Difficult decisions take a ton of mental energy. That’s not a metaphor; the PFC consumes an immense amount of cellular energy. So much so that if you’re hungry, tired, stressed, or lack resilience because you were born poor, which gave you chronically elevated glucocorticoid levels, your PFC simply does not have the juice to make good decisions when it matters. Sapolsky points out that “a substantial percentage of people incarcerated for violent crime have a history of concussive head trauma to the PFC.”

An ambitious goal

“This book has a goal,” Sapolsky writes. “To get people to think differently about moral responsibility, blame, and praise.” Although the world is wholly deterministic, we can, and have, learned to change our views and behaviors—both on the individual and the societal levels. We learn and we change when our environment modulates the same molecules, genes, and neuronal pathways that controlled our original views and behaviors. Incidentally, these are the same molecules, genes, and neuronal pathways modulated when a sea slug learns to avoid being shocked by a researcher—i.e., not free will.

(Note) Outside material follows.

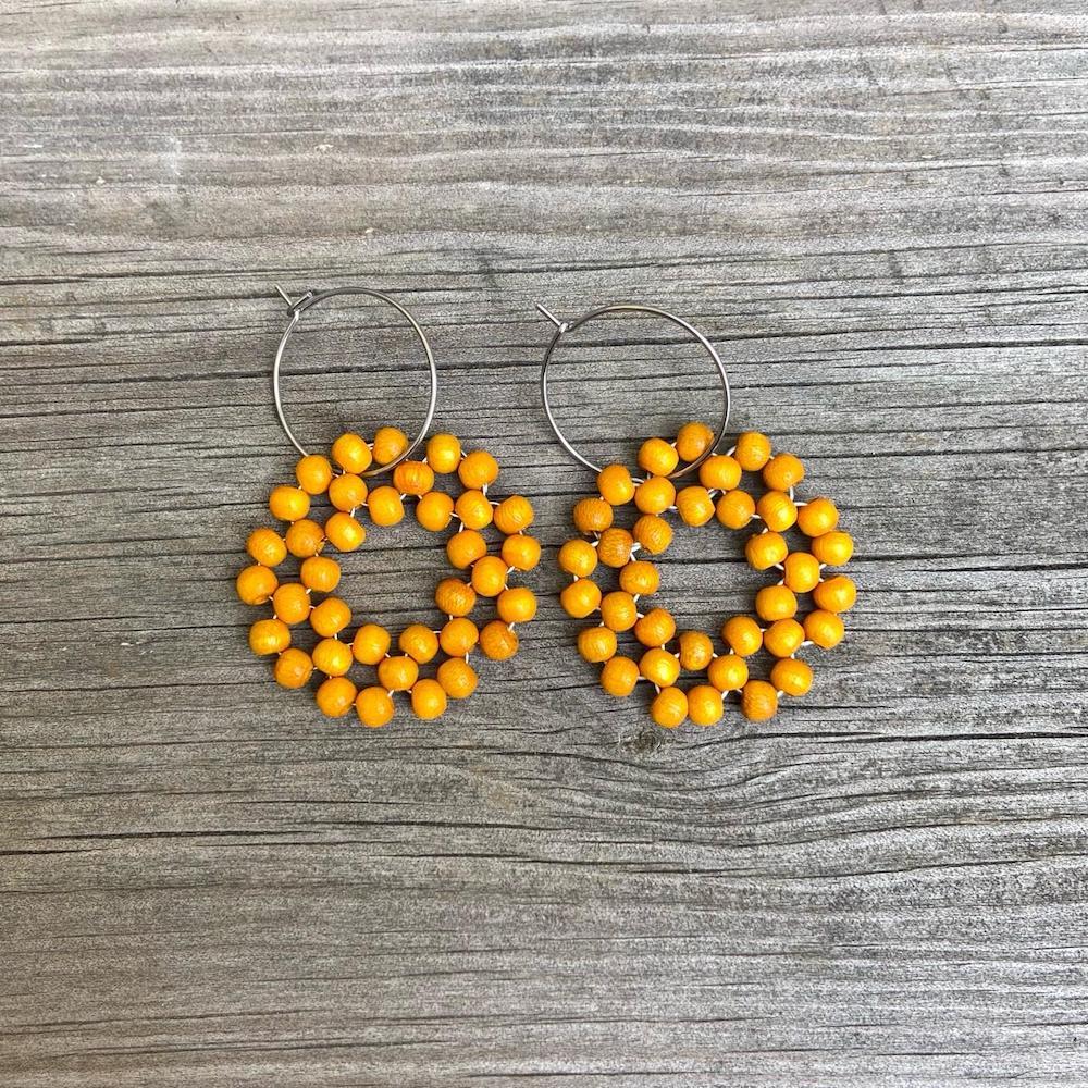 Puuhelmistä ja metallilangasta punottujen PikkuKehrä-korvakorujen muoto muistuttaa kukkaa tai aurinkoa. Puuhelmet ovat maalattuja ja lakattuja. Korvakorurengas on nikkelivapaata metallilankaa. Renkaiden halkaisija on n. 20 mm ja PikkuKehrän halkaisija on n. 30 mm. Korvakorupari on kiinnitetty uusiokartonkiseen tuotelappuun.
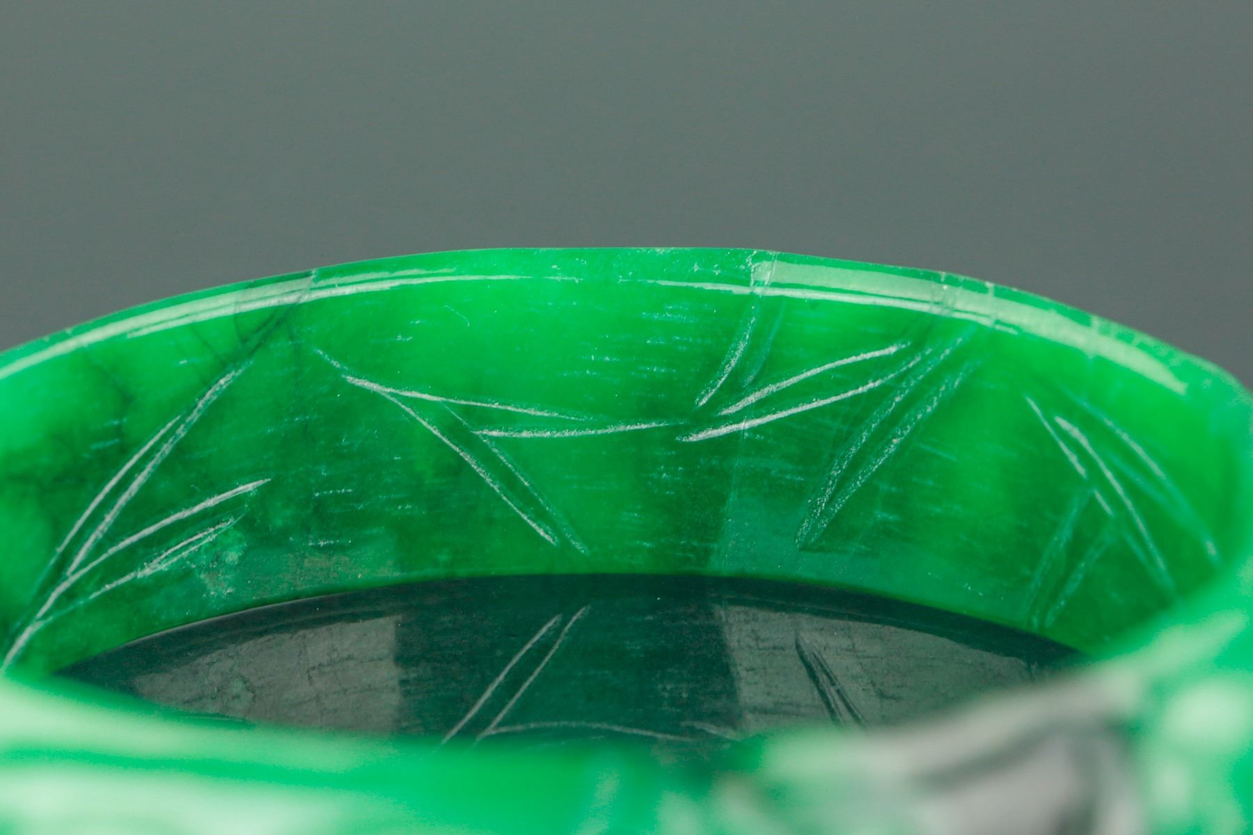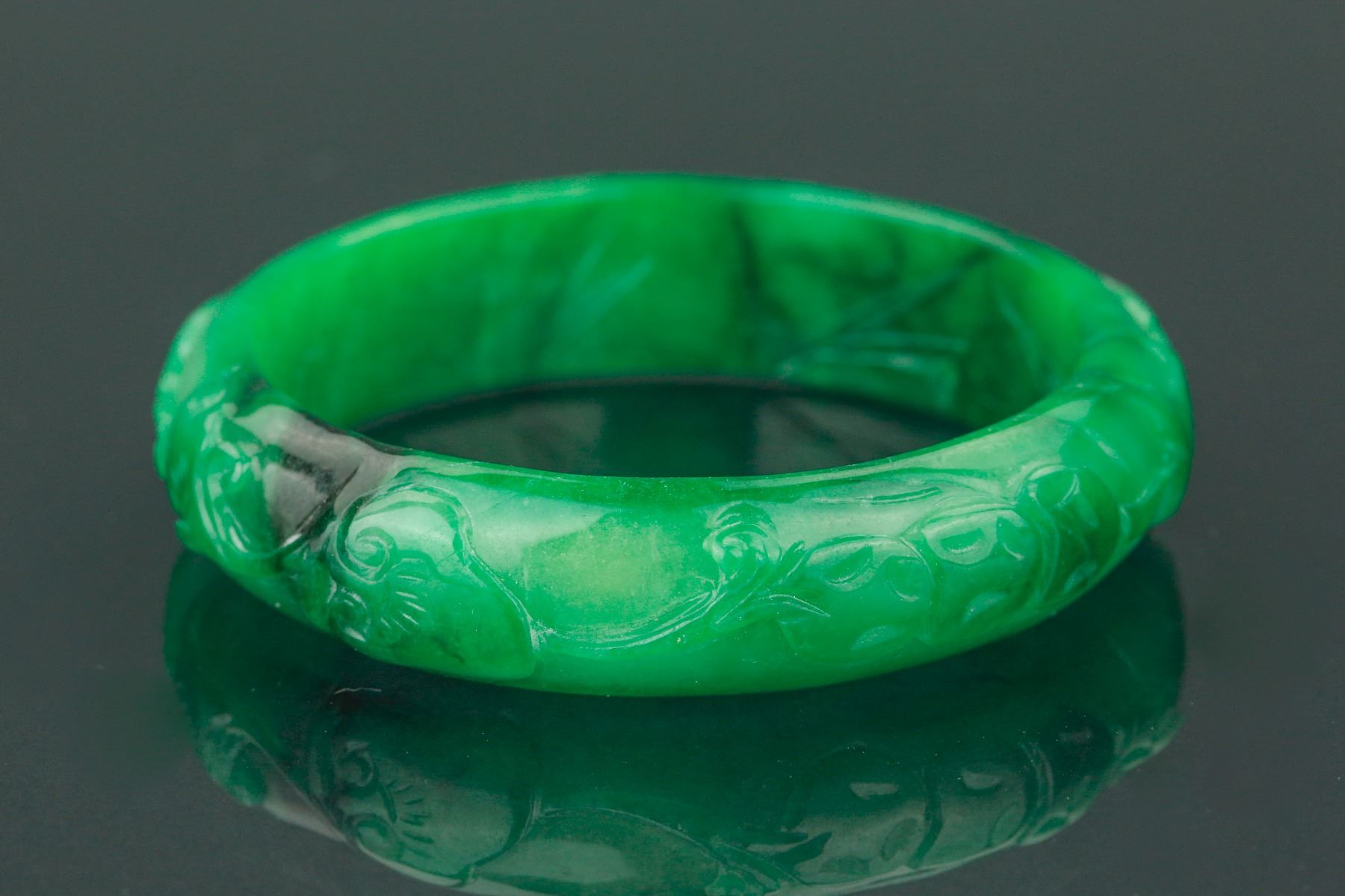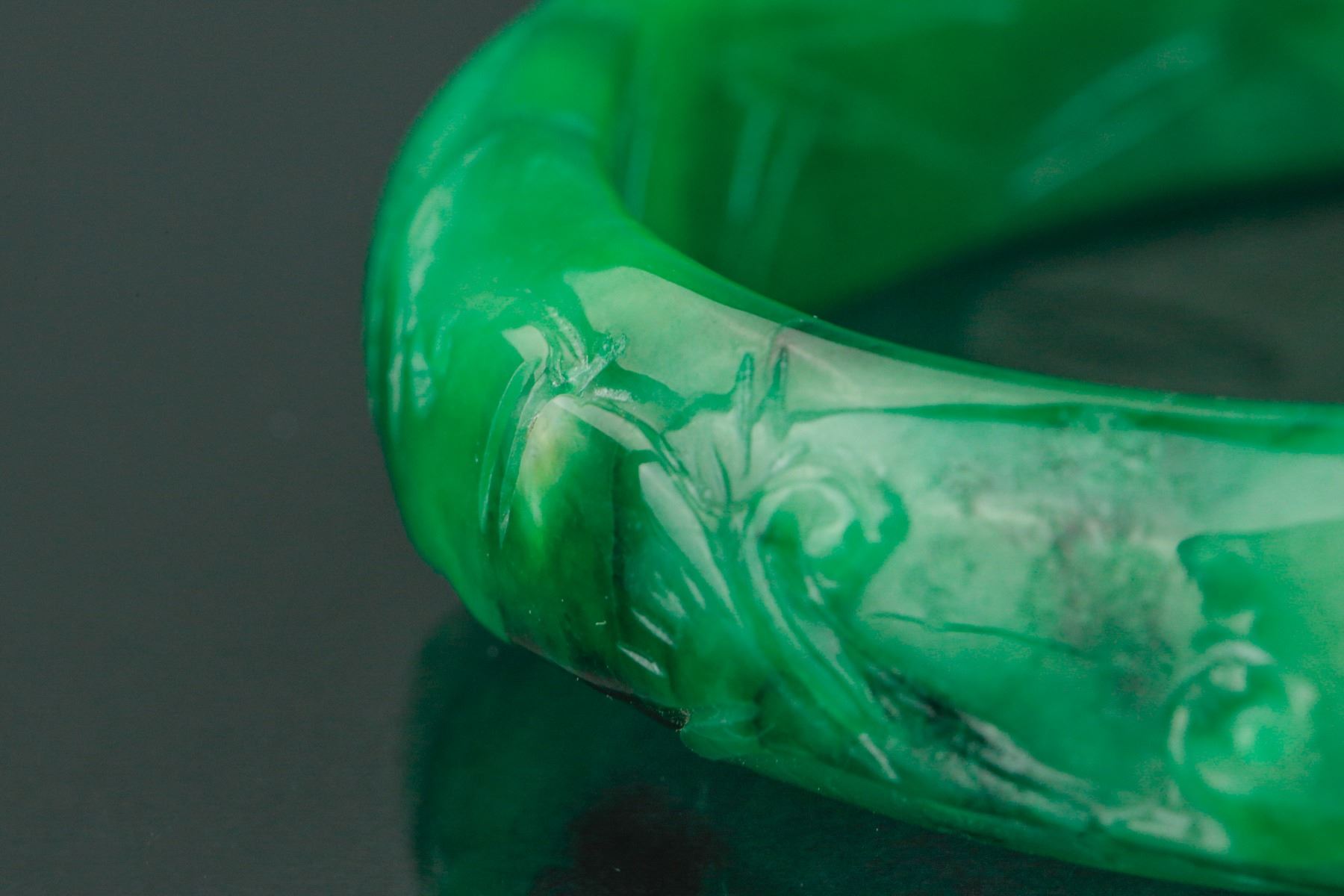 Burma jadeite carved bangle; featuring scrolling lingzhi mushroom in low relief; of emerald green with spinach green suffusions; D: 6 cm, 49 grams; Density: 3.26

Sapolsky’s stated goal of rethinking blame is exceedingly difficult, even for him. He refers to Bettelheim, the self-hating Jew who insisted that autism in kids is caused by their cold “refrigerator mothers” as “a sick, sadistic fuck.” He calls Anders Breivik, who carried out the largest terrorist attack in Norwegian history when he murdered 69 kids at summer camp in 2011, “a lump of narcissism and mediocrity” who “finally found his people among white supremacist troglodytes.”

Yet he thinks that punishing them is as unjust as punishing someone with diabetes. He promotes a public health-based approach to criminal justice: Criminals should be removed from society so they don’t further harm others, much like those with infectious diseases should be quarantined so they don’t harm others. (Because that worked out well.)